Co-author, Thomas R Insel, MD, co-founder of Humanest Care, said: “Just as the viral pandemic has accelerated vaccine development, this global crisis has brought together mental health experts from the public and private sector around the world to address what is surely a second pandemic triggered by loss, anxiety, and social isolation. This report captures the scale and scope of this emerging mental health crisis.

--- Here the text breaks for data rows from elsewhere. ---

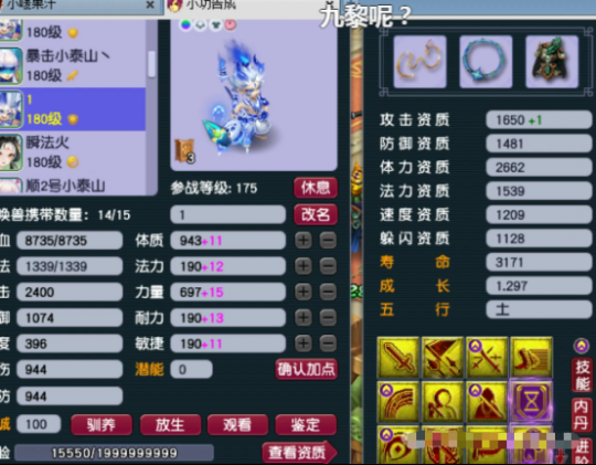 大家好!「烤鸭看西游」每天为你带来不一样的故事。 1、天科第一简易晶清头盔出厂 一位玩家成功鉴定出一件130级简易晶清诀男头,属性颇为难得,属于天科毕业级神装。 2、赛赛亲自签名两件160特技装备 赛赛为紫禁城普陀山鉴定装备,运气相当不错——不仅出了160级“妙法之护”鞋子,更鉴定出一件160级玄鸟之灵女衣,防御高达271点且力敏双加。 值得一提的是,这两件装备都是她自己亲手签名的! 3、老王给假四季童子估价25W 老王展示了一只14技能的“假四季”召唤兽(已打两本超级兽决),并给出了25万的估价。 4、雪碧9.8W买法谛听 雪碧喜提一只8技能法谛听,不过当前谛听的市场价值确实已大不如前。 叶子猪梦幻西游玩家群:1群 325703083 (2000人),2群: 330102322 (千人);3群: 424986787 (游戏疑难解答);4群: 330518295 (商人物价);5群: 1063086037 (疑难解答);6群: 1045753197 (春心萌动);7群: 787195090 (活跃互动);8群: 720665628 (全民PK) [编辑:百晓生]
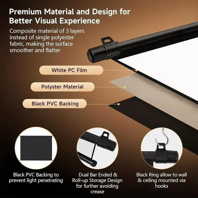 High-Definition Screen: Made of white fiberglass, enhancing effects and contrast for richer color viewing. Can be used for long periods without fading or warping, thick, smooth, and wrinkle-free.
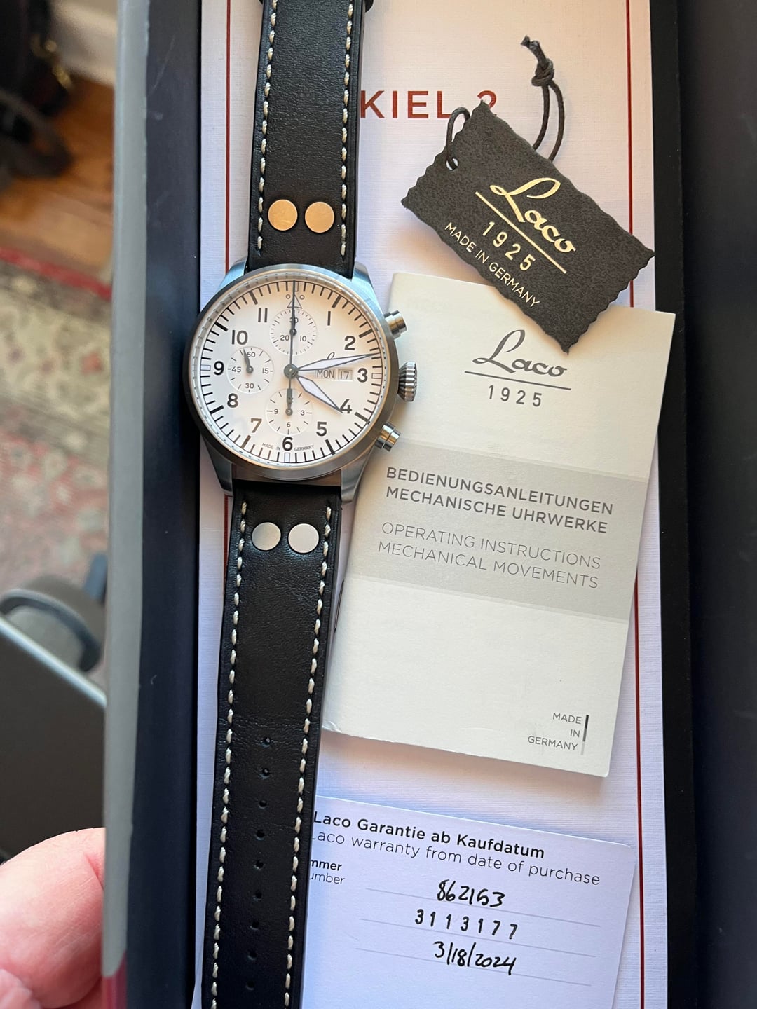 ![Thumbnail [WTS] Laco Kiel.2 Chronograph 43mm - Near Mint - Great White Dial - Warranty $1165 Shipped 9](https://cdn-cf.watchpatrol.net/120x120/img/full/481296fabf4944dc71bd3eba48486265790ad4b5.jpg)
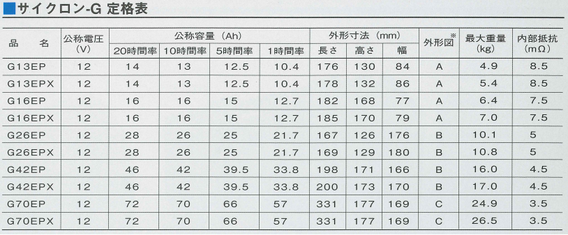 小型シール式鉛蓄電池 サイクロン-Gシリーズ

ORCHA (the Organisation for the Review of Care and Health Apps), the world’s leading health app evaluation and advisor organisation, was also a co-author of this paper. Founding CEO, Liz Ashall-Payne, said: “We’ve watched the use of mental health apps increase by over 200% during lockdown. This valuable international project shines a light on a crisis in the making and we must continue to collaborate to ensure citizens are supported in every way possible.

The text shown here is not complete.